(一)例题记录
A-人见人爱 A ^ B
求A^B的最后三位数表示的整数。
说明:A^B的含义是“A的B次方”
Input
输入数据包含多个测试实例,每个实例占一行,由两个正整数A和B组成(1<=A,B<=10000),如果A=0, B=0,则表示输入数据的结束,不做处理。
Output
对于每个测试实例,请输出A^B的最后三位表示的整数,每个输出占一行。
Sample Input
2 3
12 6
6789 10000
0 0
Sample Output
8
984
1
理解
为了防止数据过大而采用取模,可直接得出后三位数字。
AC代码
#include <bits/stdc++.h>
using namespace std;
int main()
{
int a,b;
while(~scanf("%d%d",&a,&b)){
if(a==0&&b==0) break;
if(b==0) cout << 1 << endl;
if(a==0) cout << 0 << endl;
if(a != 0&& b != 0){
int s = 1;
for(int i = 0;i < b;i++){
s= s * a;
s= s % 1000; //取模运算,防止s过大
}
cout << s << endl;
}
}
return 0;
}
B-人见人爱 A - B
参加过上个月月赛的同学一定还记得其中的一个最简单的题目,就是{A}+{B},那个题目求的是两个集合的并集,今天我们这个A-B求的是两个集合的差,就是做集合的减法运算。(当然,大家都知道集合的定义,就是同一个集合中不会有两个相同的元素,这里还是提醒大家一下)
呵呵,很简单吧?
Input
每组输入数据占1行,每行数据的开始是2个整数n(0<=n<=100)和m(0<=m<=100),分别表示集合A和集合B的元素个数,然后紧跟着n+m个元素,前面n个元素属于集合A,其余的属于集合B. 每个元素为不超出int范围的整数,元素之间有一个空格隔开.
如果n=0并且m=0表示输入的结束,不做处理。
Output
针对每组数据输出一行数据,表示A-B的结果,如果结果为空集合,则输出“NULL”,否则从小到大输出结果,为了简化问题,每个元素后面跟一个空格.
Sample Input
3 3 1 2 3 1 4 7
3 7 2 5 8 2 3 4 5 6 7 8
0 0
Sample Output
2 3
NULL
理解
对a,b两个数组进行比较,若a中有b没有的数字,则存入c数组里,最后输出。
AC代码
#include <bits/stdc++.h>
using namespace std;
const int M = 100 + 5;
void bubble_sort(int*,int);
int main()
{
int n,m;
while(scanf("%d%d",&n,&m)!=EOF){
if(n == 0 && m == 0) break;
int a[M],b[M],c[M],i;
for(i = 0;i < n;i++)
scanf("%d",&a[i]);
for(i = 0;i < m;i++)
scanf("%d",&b[i]);
int y=0;
for(i = 0;i < n;i++){
int x=0;
for(int j = 0;j < m;j++){
if(a[i] == b[j])
x++; //当两个数组中没有相同的数字时,x=0,进入下个判断
}
if(x == 0){
c[y] = a[i]; //将得到的目标存入新数组中
y++;
}
}
//若y==0,表示c数组为空,即a有的b都有
if(y == 0){
printf("NULL\n");
continue;
}
sort(c,y + c);
for(i = 0;i < y;i++){
if(i == y - 1)
printf("%d \n",c[i]);
else
printf("%d ",c[i]);
}
}
return 0;
}
C-Number Sequence(HDU-1005)
Problem Description
A number sequence is defined as follows:
f(1) = 1, f(2) = 1, f(n) = (A * f(n - 1) + B * f(n - 2)) mod 7.
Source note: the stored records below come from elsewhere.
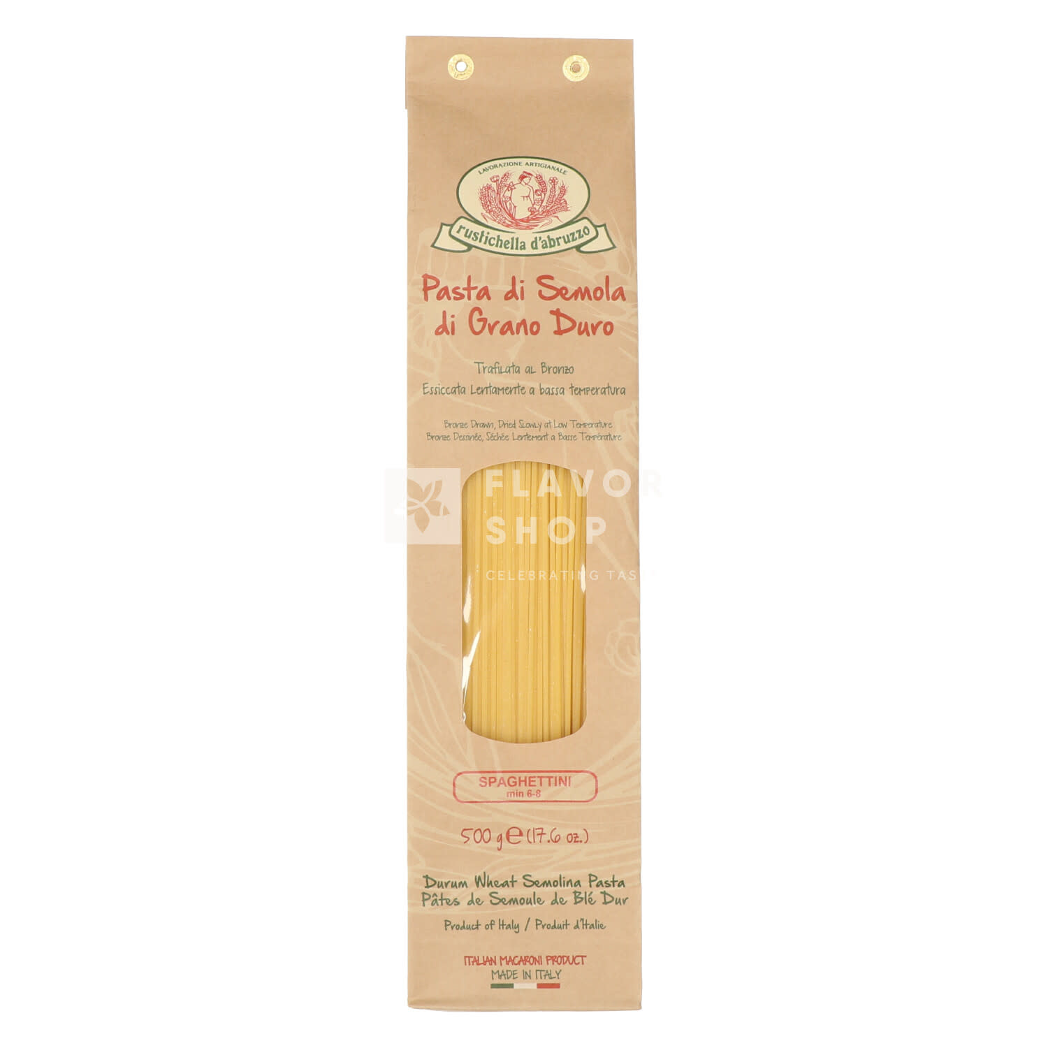 De spaghettini van Rustichella d'Abruzzo wordt op ambachtelijke wijze geproduceerd met het beste tarwegriesmeel en fris bronwater uit de omliggende bergen. De pasta wordt op 35 °C en gedurende lange tijd gedroogd. Dit zorgt voor een unieke en lekkere smaak. Doordat de pasta in bronzen mallen wordt gemaakt, blijft de saus beter kleven. Met de spaghettini van Rustichella d'Abruzzo haal je een echte topper in huis!
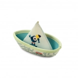 Okos zuhany funkció: fordítsd a csónakot fejjel lefelé, töltsd meg vízzel, és figyeld, ahogy a „vitorla” nyílásain gyengéden átfolyik. Ez motivál a felfedezésre, fejleszti a finommotorikát és az érzékelést.
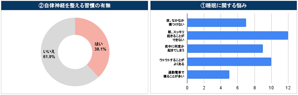 事前調査の結果、全体の約57%が「朝スッキリ起きることができない」と回答。 一方、自律神経を整えるために日常的に行っている習慣がある人は、38.1%という結果に。 プログラム参加理由には「睡眠の質を高めたい」「自身にあった睡眠改善の方法が知りたい」といったコメントが多く寄せられ、眠れないことに課題を感じている方が多いことが分かりました。

Given A, B, and n, you are to calculate the value of f(n).
Input
The input consists of multiple test cases. Each test case contains 3 integers A, B and n on a single line (1 <= A, B <= 1000, 1 <= n <= 100,000,000). Three zeros signal the end of input and this test case is not to be processed.
Output
For each test case, print the value of f(n) on a single line.
Sample Input
1 1 3
1 2 10
0 0 0
Sample Output
2
5
理解
为何要取模还是无法理解
AC代码
#include<stdio.h>
int arr[10000];
int main()
{
int A,B,n;
arr[1] = arr[2] = 1;
while(~scanf("%d %d %d",&A,&B,&n))
{
if(A == 0&&B == 0&&n==0) break;
int i;
for(i=3; i<10000 ;i++)
{
arr[i] = (A*arr[i-1] + B*arr[i-2]) % 7;
if(arr[i] == 1 && arr[i-1] == 1)
break;
}
n = n % (i-2); //取模
arr[0] = arr[i-2];
printf("%d\n",arr[n]);
}
return 0;
}
D-Fibonacci Again(HDU-1021)
There are another kind of Fibonacci numbers: F(0) = 7, F(1) = 11, F(n) = F(n-1) + F(n-2) (n>=2).
Input
Input consists of a sequence of lines, each containing an integer n. (n < 1,000,000).
Output
Print the word “yes” if 3 divide evenly into F(n).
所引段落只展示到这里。